Apesar de a Ilha da Madeira não ser muito extensa, existirão certamente recantos em número considerável onde nos possamos sentir únicos. Únicos no sentido literal e únicos pela sorte de existirem locais onde o tempo parece não ter passado.
A Fajã dos Padres será um deles.
Perto do Cabo Girão, seguimos em direcção à freguesia da Quinta Grande e, mais pergunta menos pergunta, havemos de dar com o local. O acesso à Fajã dos Padres, colocado de lado o barco e o helicóptero, é efectuado através de um elevador instalado no topo da falésia a cerca de 250 metros de altitude. Coisa pouca, se compararmos com os 580 metros do Cabo Girão. A este propósito, não confundir o teleférico para as Fajãs do Cabo Girão (o do Rancho, aberto desde 2003) com o elevador para a Fajã dos Padres (mais antigo).
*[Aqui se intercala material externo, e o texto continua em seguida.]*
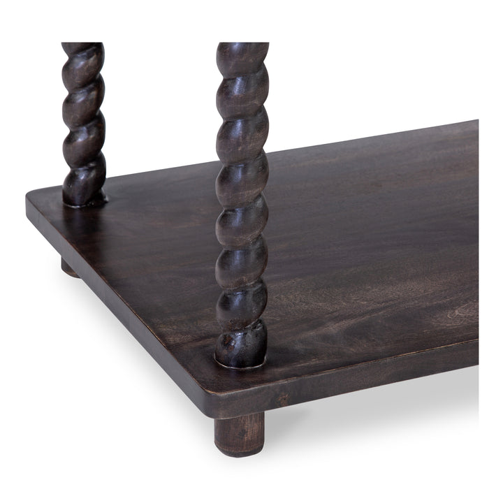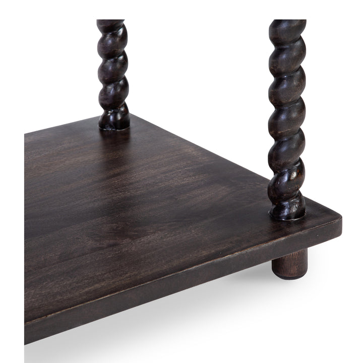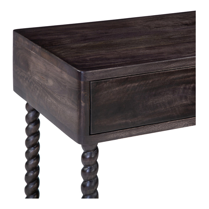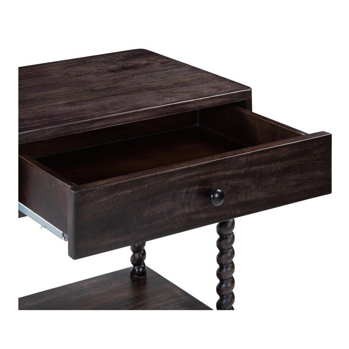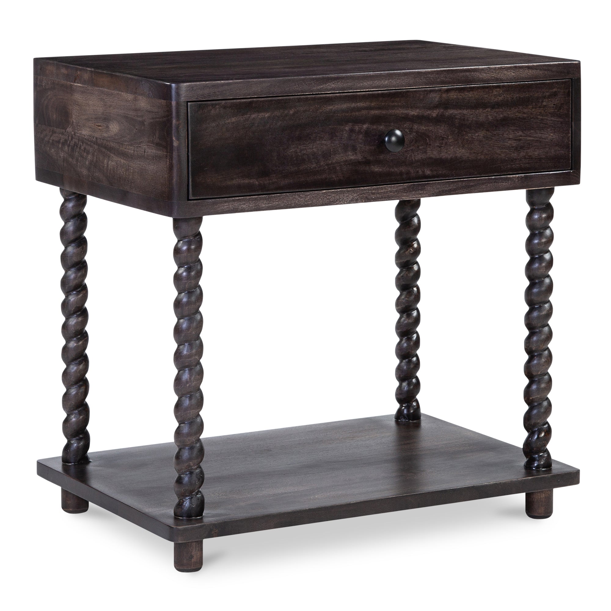Vespera Nightstand, Handcrafted Mango Wood with Intricate Turned Legs, Soft-Close Drawer, Dark Brown

A viagem de cerca de 4 minutos neste elevador, uma estrutura que parece algo arcaica e monstruosa, tem tudo para ser uma experiência apelativa e inesquecível. Funciona como um miradouro com uma considerável altura, com vista para a imensidão do Atlântico, as falésias que nos rodeiam e a pequena fajã bem lá em baixo. No nosso caso, para além destes factores, tornou-se igualmente marcante por termos ficado presas dentro da dita caixa monstruosa, uma vez que a sua porta teimava em não abrir. Como o manobrador da geringonça já nos tinha avisado que os cabos precisavam de descansar cerca de 5 minutos entre cada viagem, logo começamos a especular sobre o que de mal teríamos feito para não conseguirmos sair dali para fora. Benditos telemóveis que nos põem em contacto imediato com quem sabe das coisas e nos recomenda calma até que o elevador assente convenientemente seguindo os seus tempos.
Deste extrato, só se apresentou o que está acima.